Thanks for stopping by. I was also wondering about SifuPhil – he was a buddy. (yep, AC has a lot of those). Gosh, I hate to see someone leave because of …anyone! Use ignore, scroll, go on with life for goodness sakes. No one on this forum is worth leaving for or because of. I think I saw the thread and it was eyeroll-inducing, imo. OTOH if a person is not enjoying a forum, they should just go. But SifuPhil is not the type to post a dramatic farewell. Hope he reconsiders, if you are in touch please send my regards. Yeah, I know, with that and 49 cents you can buy a postage stamp. :laugh:

nthego: to Dancing with the Stars!


----------



## Pappy (Oct 12, 2015)

Hi Apple..... I do talk to him some on Facebook and will pass on info. Pappy


----------



## Kadee (Oct 12, 2015)

Pappy said:


> Been hanging back a little as some of the comments made on some threads have been way out of line. In fact, we have lost my good friend SifiPhil due to a couple folks going way overboard with their remarks. I sure will miss him.Mrs. R went through a medical problem and I don't know about Josiah.


I didn't realise Phill had left ,that's sad to hear he always put a smile on my face with his witty posts please say hi to him from me hope he will consider coming back


----------



## Pookie (Oct 12, 2015)

Oh dear. I just checked my posts...I hope I didn't say anything to hurt anyone.

I'll be more careful from now on. This makes me feel bad.


----------



## applecruncher (Oct 12, 2015)

Pookie said:


> Oh dear. I just checked my posts...I hope I didn't say anything to hurt anyone.
> 
> I'll be more careful from now on. This makes me feel bad.



Pookie, it was something that happened a couple weeks ago. One of the gun control debates. The longer you're here, you'll observe and see what goes on....cliques, alliances, etc. Don't even give it a second thought....carry on.


----------



## Linda (Oct 12, 2015)

applecruncher said:


> Haven't seen these 3 lately. Always enjoy their posts.




You can go to someone's profile and on the upper left, click on their latest posts.  Then look at the date of their last post.  I did that awhile back as I hadn't seen Glinda on here lately.


----------



## applecruncher (Oct 12, 2015)

Linda said:


> You can go to someone's profile and on the upper left, click on their latest posts. Then look at the date of their last post. I did that awhile back as I hadn't seen Glinda on here lately.



Yeah, I know.
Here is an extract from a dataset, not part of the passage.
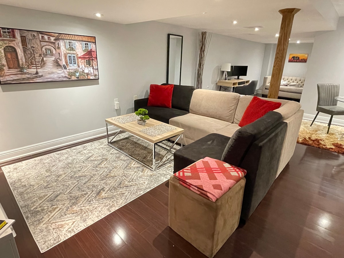 Suite privada de planta baixa de disseny elegant, en un barri tranquil i segur a GTA. Accés fàcil al transport públic, a poca distància de cafeteries, botigues de queviures i a 10 minuts en cotxe de Canada Wonderland! Tant si ets a la ciutat per feina com per oci, aquesta suite de concepte obert està dissenyada per a la comoditat, amb ✔️ un dormitori acollidor bany ✔️ modern amb una dutxa de luxe amb pluja cuina nova ✔️ ben equipada per preparar àpats fàcilment ✔️ menjador i estació de treball ✔️ Wifi i televisor intel·ligent amb Netflix ✔️ Un aparcament gratuït

Did that.


----------



## Warrigal (Oct 12, 2015)

On another forum that I post on, an Australian one, there is a rating system for different sections using chillis

Here's how it works

Coffee, Tea or Bonox  (1 chilli) Introductions, general chat etc
Arts, Crafts, Entertainment, Food, Hobbies, Science, Sports, etc.  (1 chilli) 
Computers and Things that Drive Us Around the Bend (1 chilli)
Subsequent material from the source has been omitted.